*Records provided*:
• • • • •

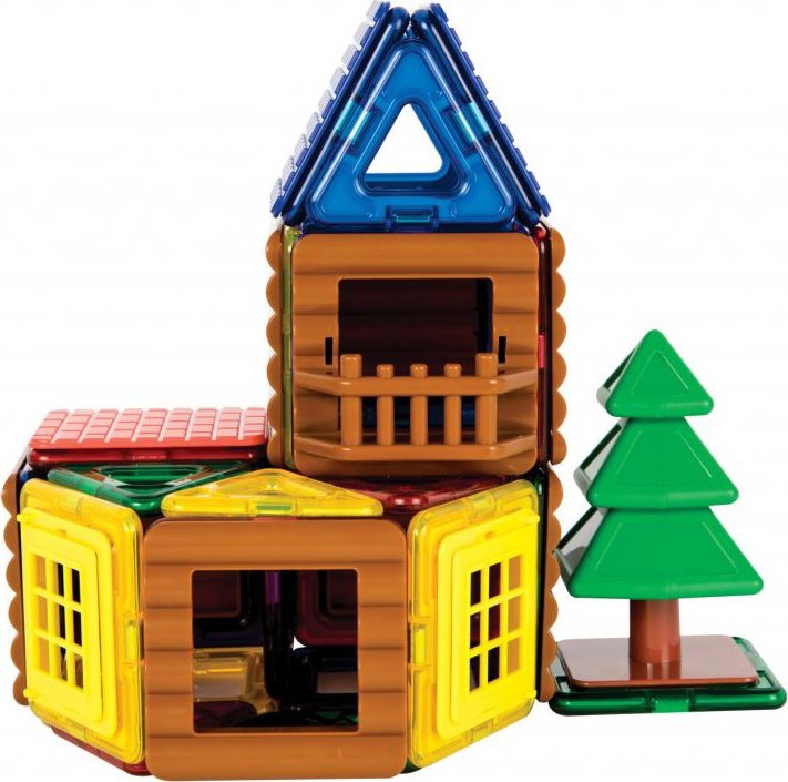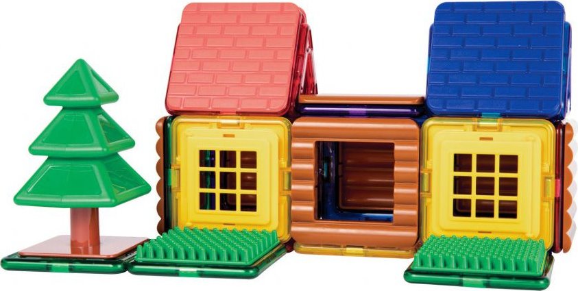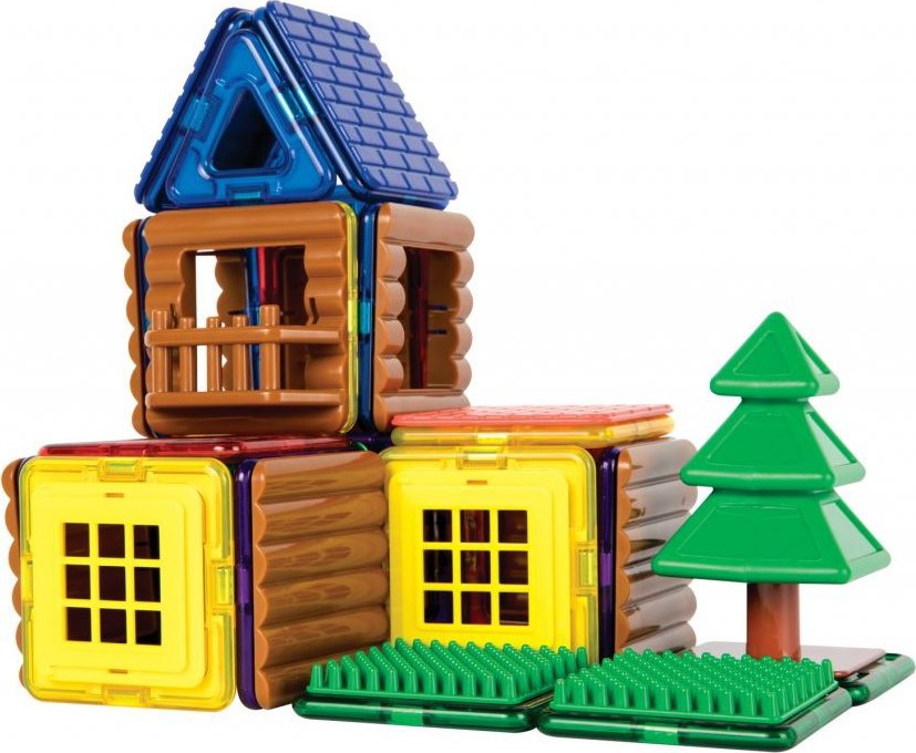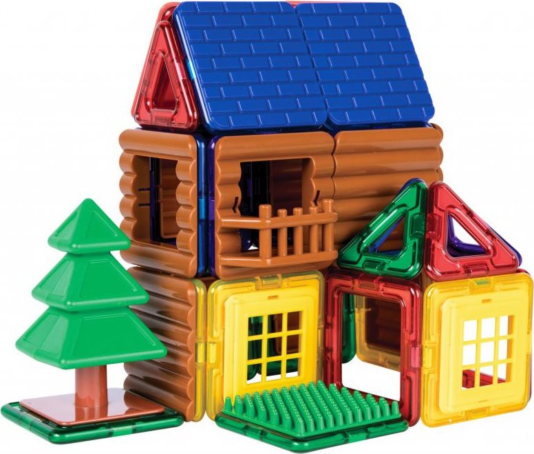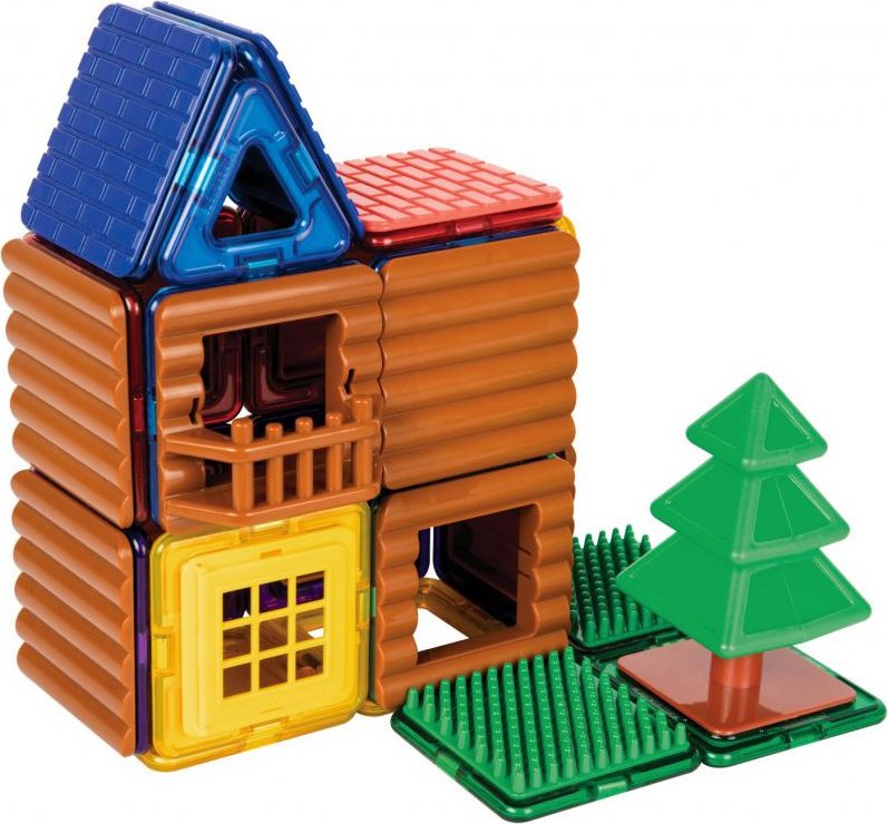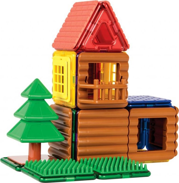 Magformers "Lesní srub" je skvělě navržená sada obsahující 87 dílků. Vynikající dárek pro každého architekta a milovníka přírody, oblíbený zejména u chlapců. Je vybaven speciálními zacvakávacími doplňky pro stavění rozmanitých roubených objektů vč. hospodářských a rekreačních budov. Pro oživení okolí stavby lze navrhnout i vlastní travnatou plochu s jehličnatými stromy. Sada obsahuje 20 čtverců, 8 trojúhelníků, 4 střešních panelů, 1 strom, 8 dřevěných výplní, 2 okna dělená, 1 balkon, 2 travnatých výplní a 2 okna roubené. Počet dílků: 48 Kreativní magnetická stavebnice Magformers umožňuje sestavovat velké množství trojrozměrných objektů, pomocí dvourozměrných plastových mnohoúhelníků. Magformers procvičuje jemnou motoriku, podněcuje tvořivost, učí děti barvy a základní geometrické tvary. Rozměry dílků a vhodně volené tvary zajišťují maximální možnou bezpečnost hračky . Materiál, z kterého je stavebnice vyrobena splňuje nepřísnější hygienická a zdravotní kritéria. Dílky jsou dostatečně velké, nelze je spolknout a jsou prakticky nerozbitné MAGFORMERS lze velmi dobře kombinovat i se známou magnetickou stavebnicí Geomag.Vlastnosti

• • • • •

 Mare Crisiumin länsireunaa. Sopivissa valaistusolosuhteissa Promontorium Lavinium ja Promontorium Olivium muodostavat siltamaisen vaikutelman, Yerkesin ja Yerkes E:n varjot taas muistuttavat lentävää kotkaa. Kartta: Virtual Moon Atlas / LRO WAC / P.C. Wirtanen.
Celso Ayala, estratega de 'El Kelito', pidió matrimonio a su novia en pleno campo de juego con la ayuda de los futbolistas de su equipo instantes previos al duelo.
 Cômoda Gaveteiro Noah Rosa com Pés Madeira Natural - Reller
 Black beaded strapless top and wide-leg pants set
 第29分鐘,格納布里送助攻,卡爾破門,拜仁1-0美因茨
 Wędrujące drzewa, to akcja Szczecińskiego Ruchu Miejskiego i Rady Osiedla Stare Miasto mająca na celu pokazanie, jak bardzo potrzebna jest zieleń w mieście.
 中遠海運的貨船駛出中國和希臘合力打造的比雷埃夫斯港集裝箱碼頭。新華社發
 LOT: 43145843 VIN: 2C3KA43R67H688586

• • • • •

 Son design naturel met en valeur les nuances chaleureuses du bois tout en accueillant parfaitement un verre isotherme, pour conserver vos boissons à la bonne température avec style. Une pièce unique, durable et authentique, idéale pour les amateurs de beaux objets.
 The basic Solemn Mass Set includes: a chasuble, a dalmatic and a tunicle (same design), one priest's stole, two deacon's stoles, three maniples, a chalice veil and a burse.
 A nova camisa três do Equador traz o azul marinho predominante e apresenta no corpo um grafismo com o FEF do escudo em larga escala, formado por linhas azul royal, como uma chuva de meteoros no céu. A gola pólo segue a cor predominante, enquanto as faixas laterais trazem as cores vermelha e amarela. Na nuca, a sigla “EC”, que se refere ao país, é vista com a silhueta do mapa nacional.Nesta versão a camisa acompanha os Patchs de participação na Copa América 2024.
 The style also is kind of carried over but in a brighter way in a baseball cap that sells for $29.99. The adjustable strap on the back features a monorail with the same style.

• • • • •

*Task item*: Using the data above, transcribe the lines that run from the line with "Cômoda Gaveteiro Noah" to the line with "Wędrujące drzewa, to", both ends kept, and output nothing else.

*Task answer*:
 Cômoda Gaveteiro Noah Rosa com Pés Madeira Natural - Reller
 Black beaded strapless top and wide-leg pants set
 第29分鐘,格納布里送助攻,卡爾破門,拜仁1-0美因茨
 Wędrujące drzewa, to akcja Szczecińskiego Ruchu Miejskiego i Rady Osiedla Stare Miasto mająca na celu pokazanie, jak bardzo potrzebna jest zieleń w mieście.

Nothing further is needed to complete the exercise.